期刊
PROCEEDINGS OF THE NATIONAL ACADEMY OF SCIENCES OF THE UNITED STATES OF AMERICA
卷 108, 期 14, 页码 5789-5794出版社
NATL ACAD SCIENCES
DOI: 10.1073/pnas.1013602108
关键词
dorsal root ganglia; mouse genetics; neuronal network; co-transmission; sensory signaling
资金
- Swedish Medical Research Council
- foundations of K. A. Wallenberg, Goran Gustafsson, A. Wiberg, M. Bergwall, and Ahlen Hedlund
- Uppsala University
- Swedish Brain Foundation
- Swedish Society for Medical Research
- Knut and Alice Wallenberg Foundation
- BBSRC [BB/F000227/1] Funding Source: UKRI
- MRC [G0901905, G9717869] Funding Source: UKRI
- Biotechnology and Biological Sciences Research Council [BB/F000227/1] Funding Source: researchfish
- Medical Research Council [G9717869, G0901905] Funding Source: researchfish
Ablating or functionally compromising sets of sensory neurons has provided important insights into peripheral modality-specific wiring in the somatosensory system.

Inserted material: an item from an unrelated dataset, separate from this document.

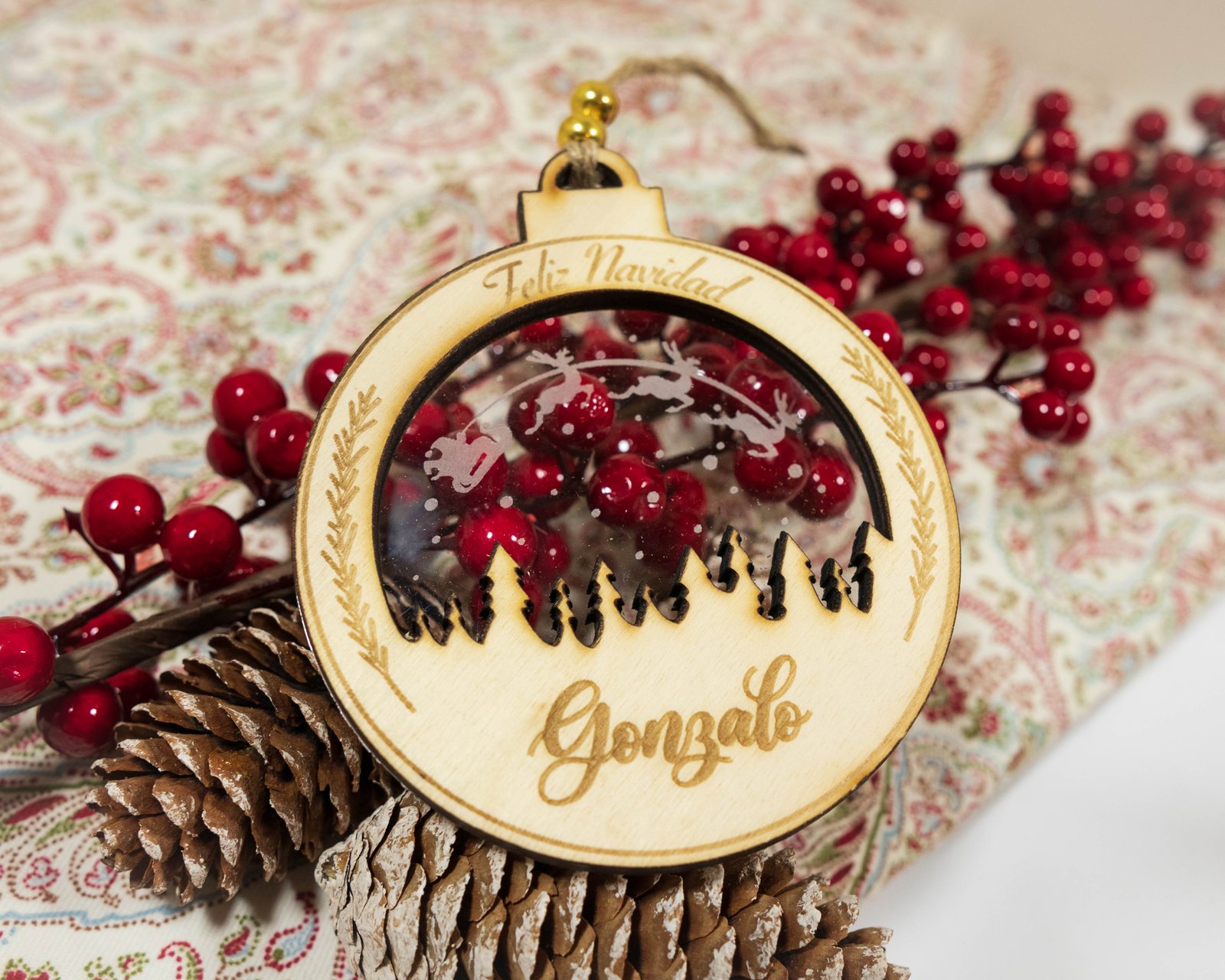 Haz que tu árbol de Navidad sea aún más especial este año con nuestra bola de Navidad modelo Papá Noel, personalizada en madera y metacrilato. Un adorno navideño elegante y único, ideal para tu árbol o para regalar.

Inflammatory hyperalgesia, cold pain, and noxious mechanosensation have all been shown to depend upon Na(v)1.8-positive sensory neurons. The release of fast-acting neurotransmitters, such as glutamate, and more slowly released neuropeptides, such as substance P (SP), contribute to the diversified responses to external stimuli. Here we show that deleting Vglut2 in Na(v)1.8(Cre)-positive neurons compromised mechanical pain and NGF-induced thermal hyperalgesia, whereas tactile-evoked sensation, thermal, formalin-evoked, and chronic neuropathic pain were normal. However, when Vglut2(f/f); Na(v)1.8(Cre) mice were injected with a SP antagonist before the formalin test, the second phase pain response was nearly completely abolished, whereas in control mice, the pain response was unaffected. Our results suggest that VGLUT2-dependent signaling originating from Na(v)1.8-positive neurons is a principal sensing mechanism for mechanical pain and, together with SP, inflammatory pain. These data define sets of primary afferents associated with specific modalities and provide useful genetic tools with which to analyze the pathways that are activated by functionally distinct neuronal populations and transmitters.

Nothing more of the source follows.